On-site coreflood experiments were conducted at Prudhoe Bay field, Alaska using side streams of produced water taken directly from produced water injection (PWI) lines. The objectives were to determine how rapidly the formation injection face is plugged by produced water reinjection, the location and mechanism of damage, and the impacts of bacterial growth on the extent and rate of damage.
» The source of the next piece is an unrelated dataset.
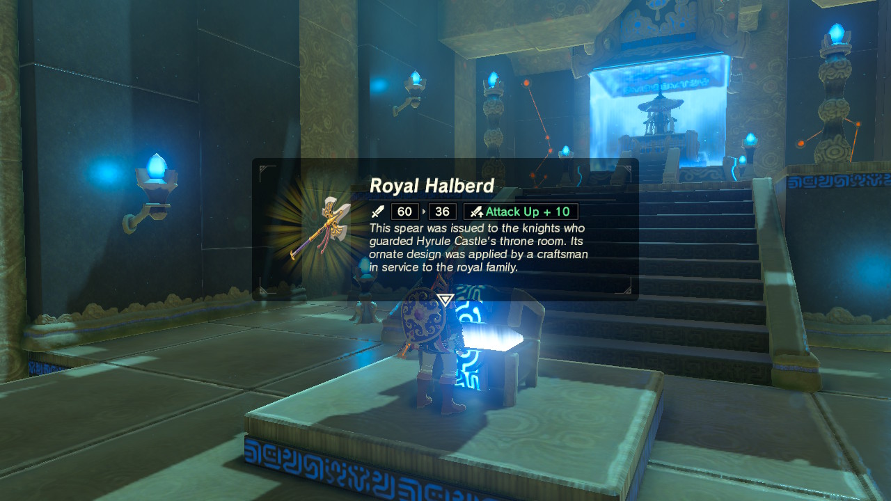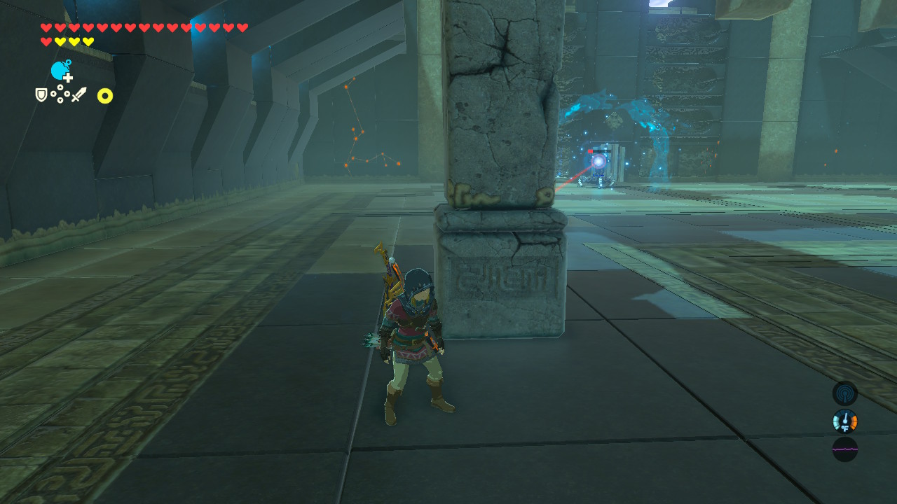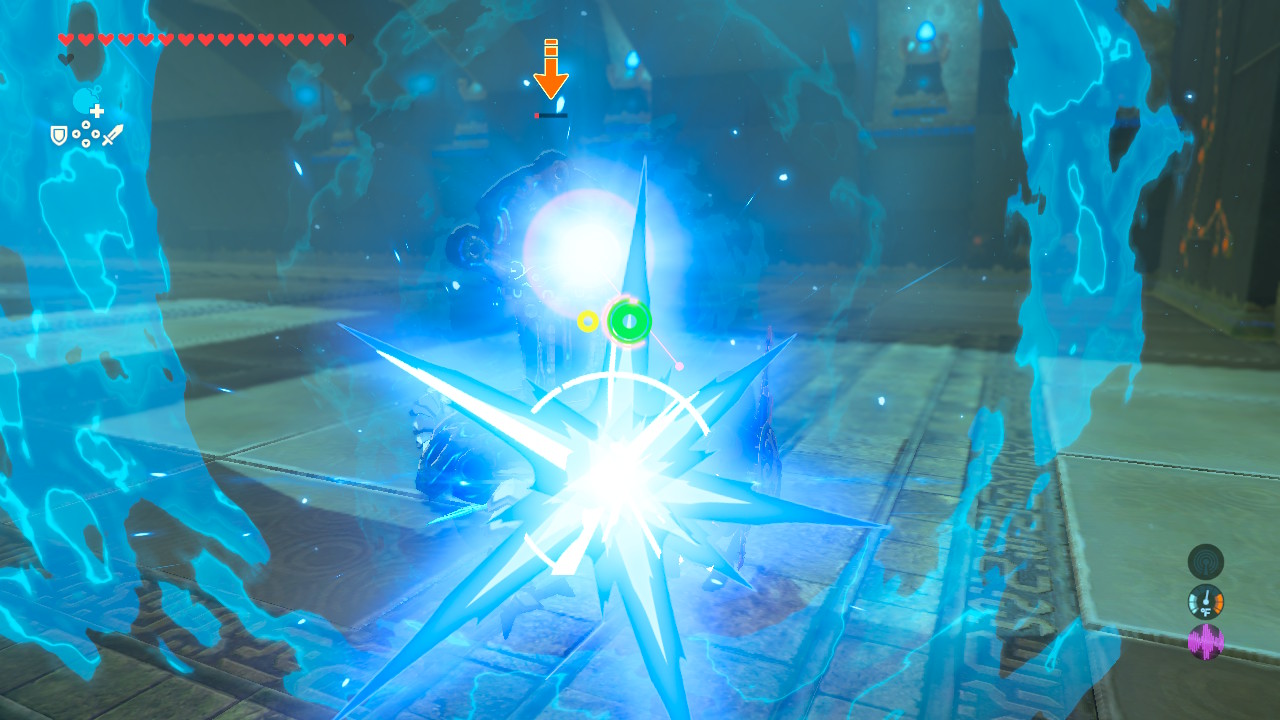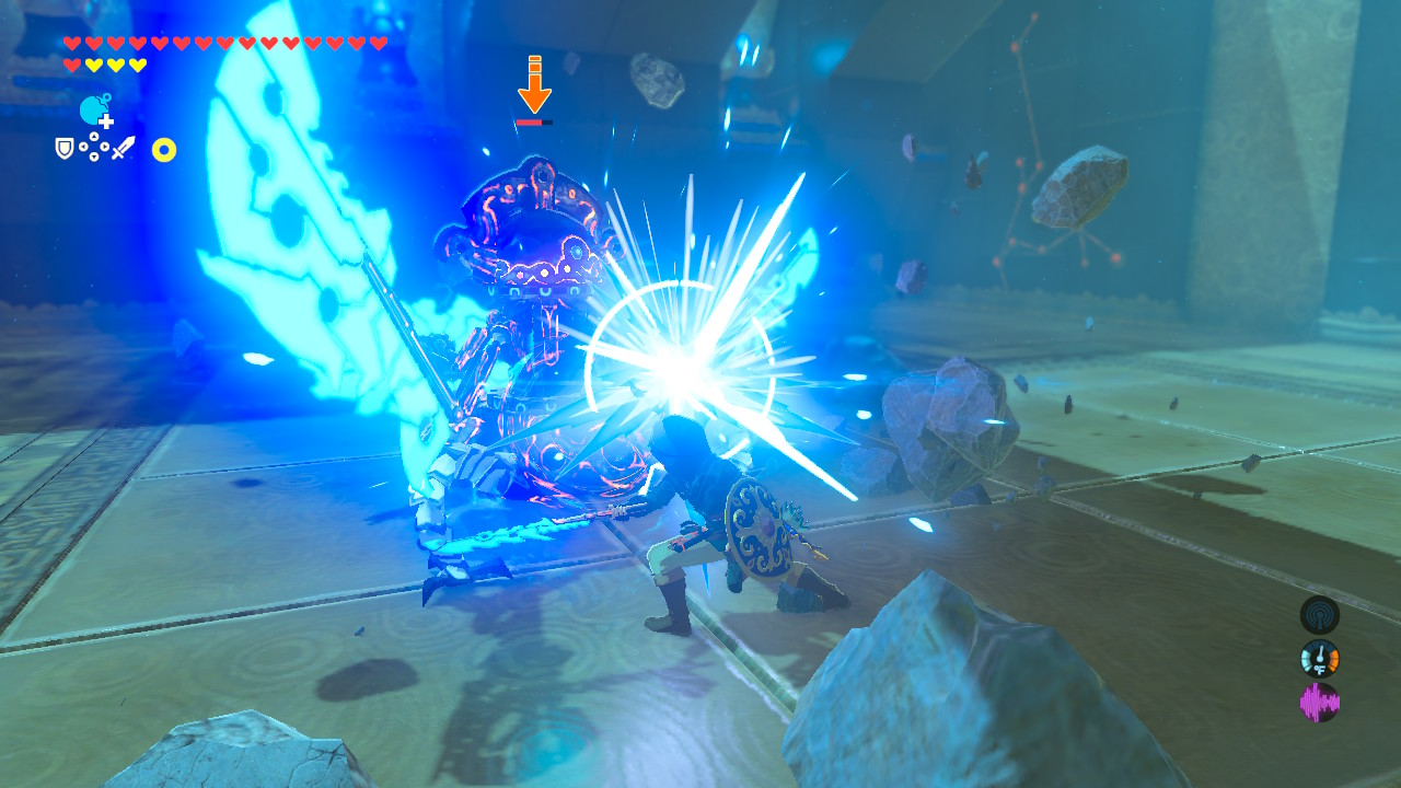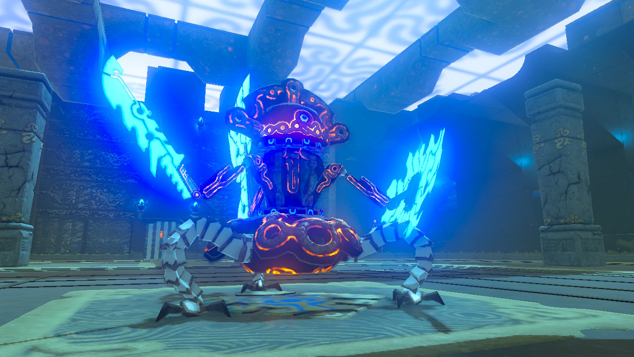 The shrine contains a Guardian Scout Mk. 4 — these are some of the toughest enemies in the game. Like every other Guardian Scout, it uses three main special attacks; a spin charge, a laser spin, and a charge beam. Hide behind pillars when you can, use the glider when the laser spins, and unleash a torrent of attacks when it tries to unleash a charge beam.

In core tests where produced water was not filtered prior to injection, 90% permeability damage occurred within 24 hours of injection startup. This is inconsistent with field observations where injection well decline is observed to occur over weeks or months, when seen at all. Field observations are consistent with previously-described (growing) thermal fractures that dominate injection performance, thereby minimizing deleterious effects of sand face plugging.
In core tests where produced water was filtered, little damage was observed; this demonstrates that removable components in produced water are responsible for face damage. However, when cores were first inoculated with bacteria-laden water and then flooded for several days with filtered produced water, deep damage (inches) was seen. This suggests PWI wells can suffer injectivity damage over time due to bacterial growth.
Once damage had occurred, addition of biocide did not restore permeability.
Produced water handling has become a major effort of all waterflood operations. With increasing environmental regulations, more and more produced water is being re-injected. Injectivity decline in PWI wells is a major concern; many studies are ongoing to try to understand the damage mechanisms.
Prudhoe Bay (PB) produced water contains a large number of suspended solid and oil droplets and was found to be more difficult to reinject than filtered sea water1.
Bacterial growth in PB PWI systems was suspected to cause further problems. Bacteria can produce exopolysaccarides which coalesce to form a confluent biofilm2. Oil and solid partides entrained in the PWI water can also be trapped by the developing bacterial biofilm to significantly accelerate water injectivity decline rates3. Furthermore, biofilm growth in surface facilities can interfere with separator and gas flotation cell performance, resulting in increased oil-in-water carryovers. The SRB growth in biofilm can also generate H2S gas which reacts with dissolved iron to precipitate iron sulfide, increasing solid particle loading in the injection water.